(Day 263) Day 4 of the DeepLearning.AI Data Engineering Professional Certificate course

Ivan Ivanov · September 20, 2024

data-eng theory applying-knowledge

Hello :) Today is Day 263!

A quick summary of today:

started course 3 - data storage and queries

Structure provided by the course

This course consists of 3 weeks of content and covers these main learning objectives:

Explain how data is physically stored on disk and in memory
Compare how data is stored and queried in object, block, and file storage systems
Explain how data is stored in row-oriented vs column-oriented databases
Explain how graph and vector databases store and retrieve data
Explain the key architectural features of data warehouses, data lakes, and data lakehouses
Implement a data lake using AWS Glue
Implement a data lakehouse with a medallion-like architecture using Lake Formation and Iceberg
Explain the stages of the life of a query
Implement advanced SQL queries
Explain the role of of an index and its impact on query performance
Summarize approaches for processing aggregate and join queries
Compare the execution times of aggregate queries between row and columnar storage
List some strategies for enhancing query performance
Aggregate and join streaming data

Week 1

Raw storage

Data storage systems rely on various “raw ingredients,” including magnetic disk drives (HDDs), solid-state drives (SSDs), RAM, and CPU cache, each with unique performance, durability, and cost factors.

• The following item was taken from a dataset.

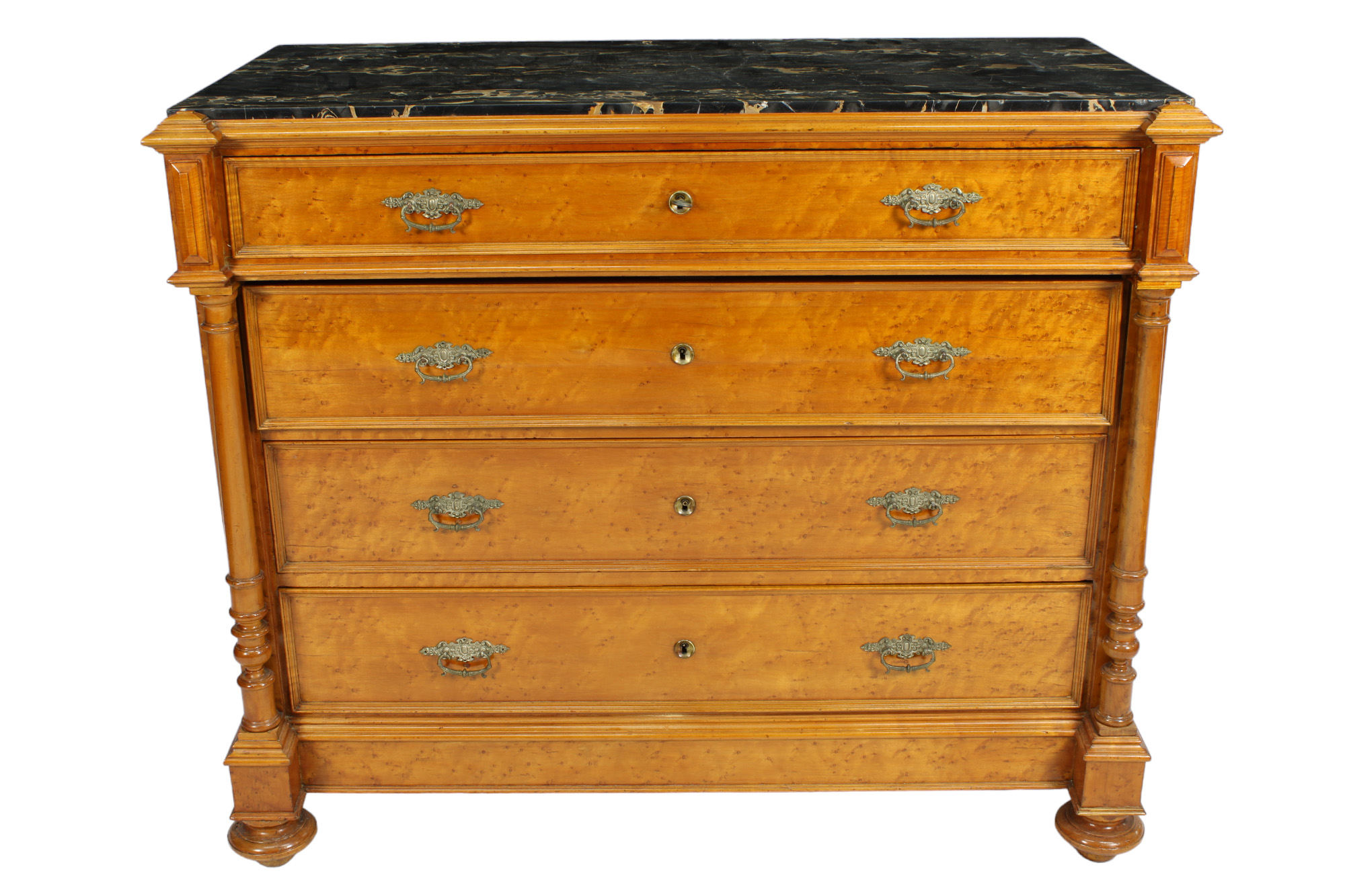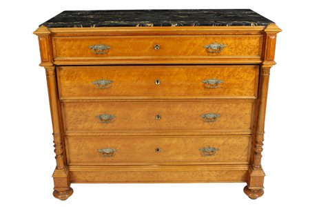 CASSETTONE in acero a quattro cassetti arricchito da colonne tornite, marmo nero portoro e maniglie in bronzo Genova XIX secolo h cm 99 x 118 x 58

1. Magnetic Disk Drives (HDDs)

Mechanism: Use rotating platters with magnetic film to store data. Similar to record players, a read/write head locates the right track and encodes/reads binary data.
Performance: Mechanical operations limit speed, with latency around 4ms and a few hundred IOPS. Data transfer rate is around 300MB/s.
Use Case: Suitable for cost-efficient storage when data access is infrequent and speed is less critical.
Cost: HDDs are 2-3 times cheaper than SSDs.

2. Solid-State Drives (SSDs)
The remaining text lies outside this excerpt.